Facebook: la película

A medida que cambia nuestra relación con la informática, con las tecnologías, con internet y con todo ese tipo de cosas que dentro de poco ya no podremos llamar "informática" sin tener la sensación de utilizar un tecnicismo arcaico que constriñe y desnaturaliza la relación de intimidad que tenemos con estos medios -algo así como llamar "red viaria" a las carreteras o "aparato de televisión" a la tele- a medida que esta relación cambia, va cambiando también nuestra relación con los territorios limítrofes de este universo. Con las marcas, por ejemplo.

En pleno estallido del fenómeno Windows, cuando la gente empezó a odiar el monopolio de microsoft, aunque en la mayoría de los casos -en el mío, sin ir más lejos- sin saber muy bien por qué, a nadie se le habría ocurrido hacer una película sobre Windows95. Las marcas, los nombres informáticos, eran conocidos, pero no populares, y desde luego no llevaban consigo esa carga de personalidad que hoy les atribuimos, casi como una parte más de sus logos, como un color corporativo.
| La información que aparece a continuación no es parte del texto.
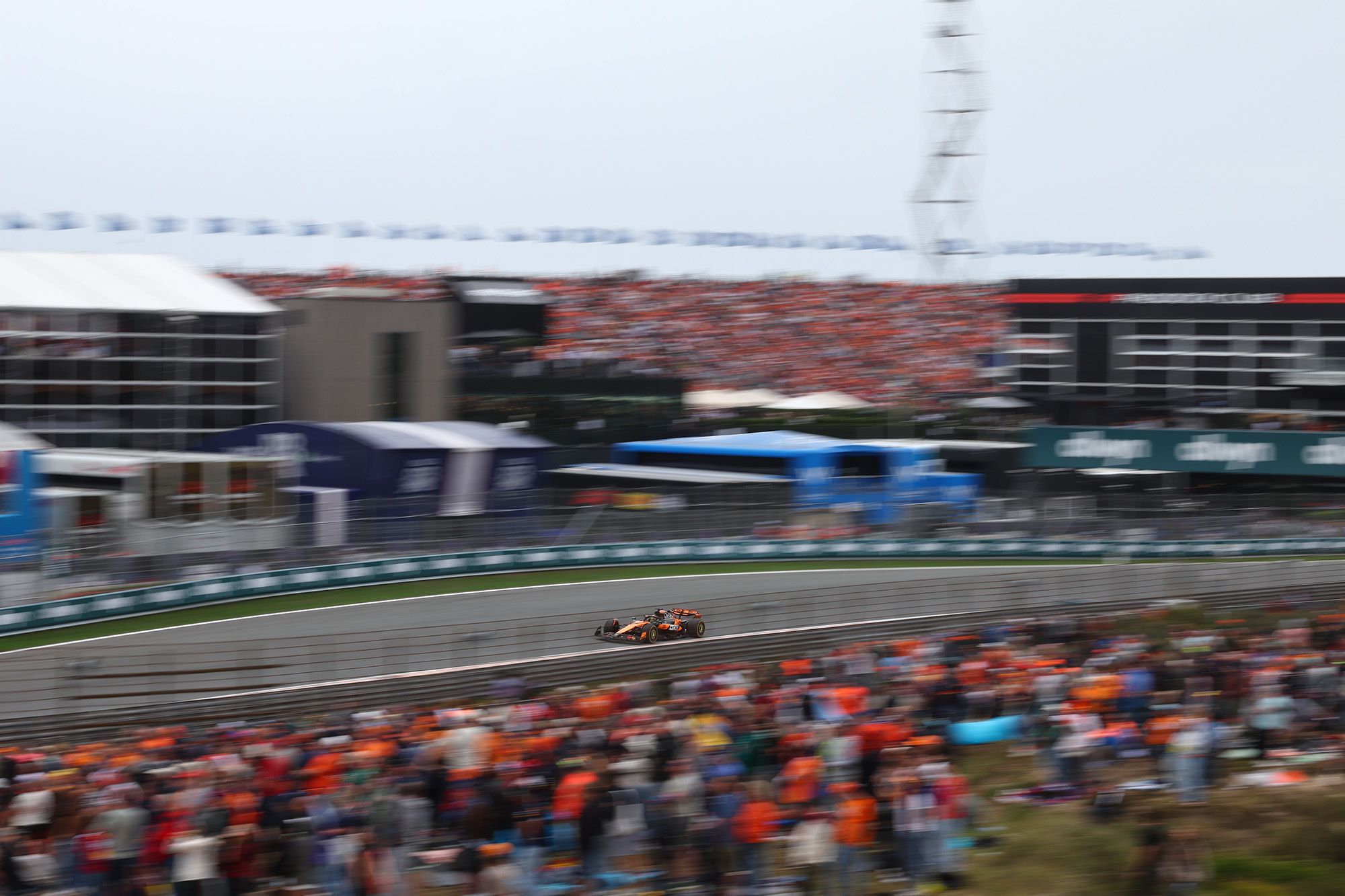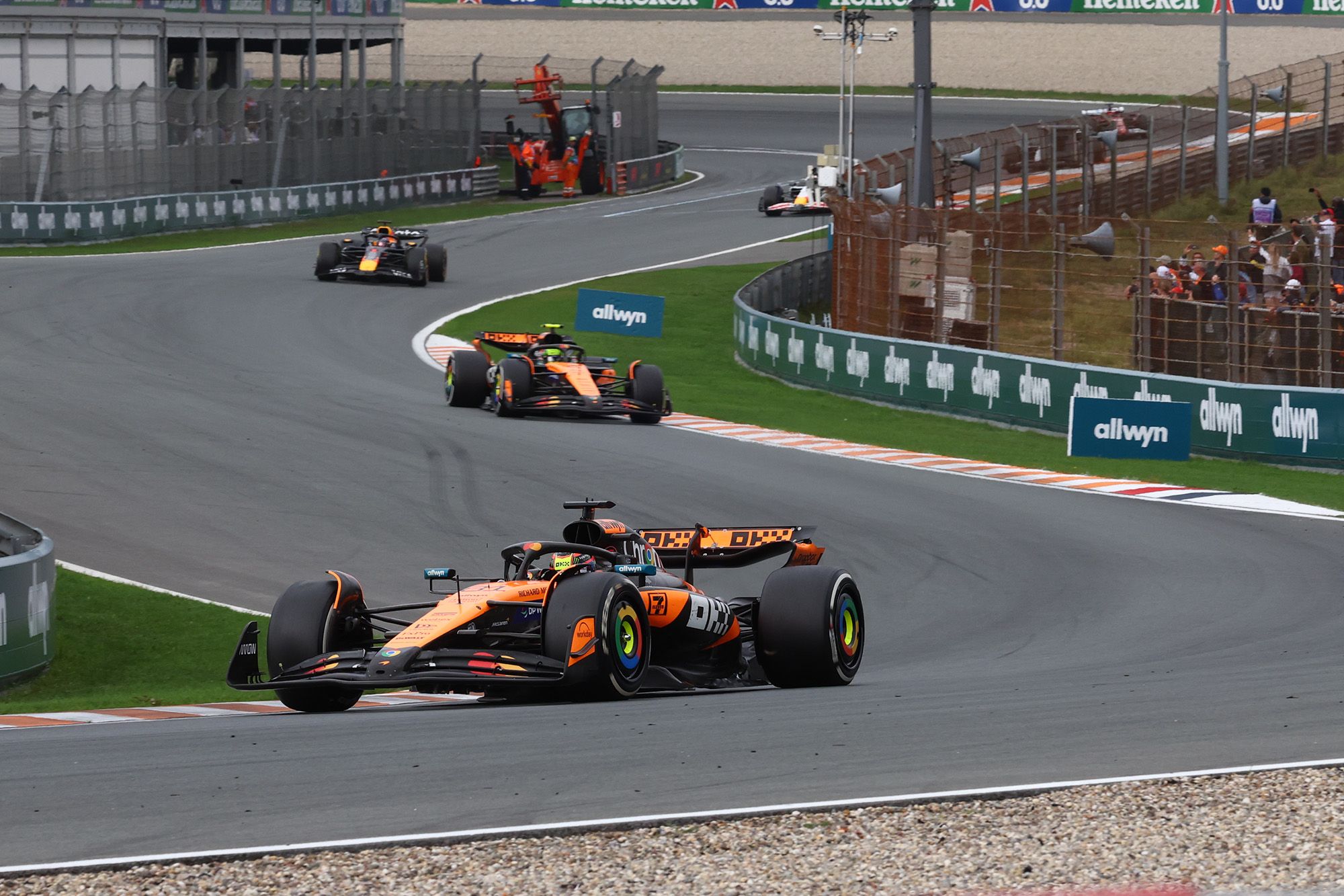 Les McLaren d’Oscar Piastri, le poleman, et de Lando Norris en mediums et la Red Bull de Max Verstappen en tendres : le départ du Grand Prix des Pays-Bas, 15e manche de la saison 2025, s’annonçait des plus prometteurs, le tout sous un ciel très chargé. A l’extinction des feux, Norris partait un soupçon mieux que Piastri, mais l’Australien fermait aussitôt la porte. Une action qui profitait à Verstappen qui se plaçait dans les roues des deux McLaren. Le Néerlandais ne trouvait pas la faille dans la première courbe, mais attaquait Norris dans le deuxième virage. En survitesse à l’extérieur, le champion du monde en titre débordait l’Anglais ; il manquait perdre le contrôle à l’approche de la Parabolique, mais parvenait cependant à conserver sa Red Bull sur la piste et passait en deuxième position.

Esto no deja de ser una teoría personal, claro. En este blog, una vez, desarrollé la idea -ya digo, personal- de que hay un imaginario colectivo en el que Google es el amigo simpático, que nos ha empezado a dar un poco de miedo desde el día que lo sorprendimos con una cámara apuntando a nuestra ventana. Apple es el tipo molón, el que tiene todo lo que querríamos tener, el que en las películas americanas se lleva a las chicas de calle y conduce un descapotable -en las películas españolas este personaje no existe, y no lo digo como una ventaja del cine español-. Microsoft es el informático de la vieja escuela, antes de que el "nerd" pasase a ser una especie apreciada y Facebook... Facebook es algo raro. Una especie de camello de propósitos oscuros, que aparece en todas las fiestas, o un inventor loco que ha descubierto un proceso para la clonación de androides.

Facebook es una especie de futuro para el que se supone que no estamos preparados y para el que se supone que no queremos estar preparados. Un futuro de interconexión, en el que el valor de la privacidad es distinto, totalmente distinto del que se supone que debería tener, y cuando digo "se supone" no quiero decir "del que sería deseable". Quiero decir que, cuando empezó el boom de las redes sociales, se dijo que no eran un producto que pudiese tener futuro en occidente. Que era algo que gustaba en oriente, en Japón, por ejemplo, en el que hay formas de exhibiccionismo que ya forman parte de la cultura popular. Estaba bien para ellos, pero no para occidente, donde "se supone" que el individuo occidental tiene su privacidad como un valor inviolable.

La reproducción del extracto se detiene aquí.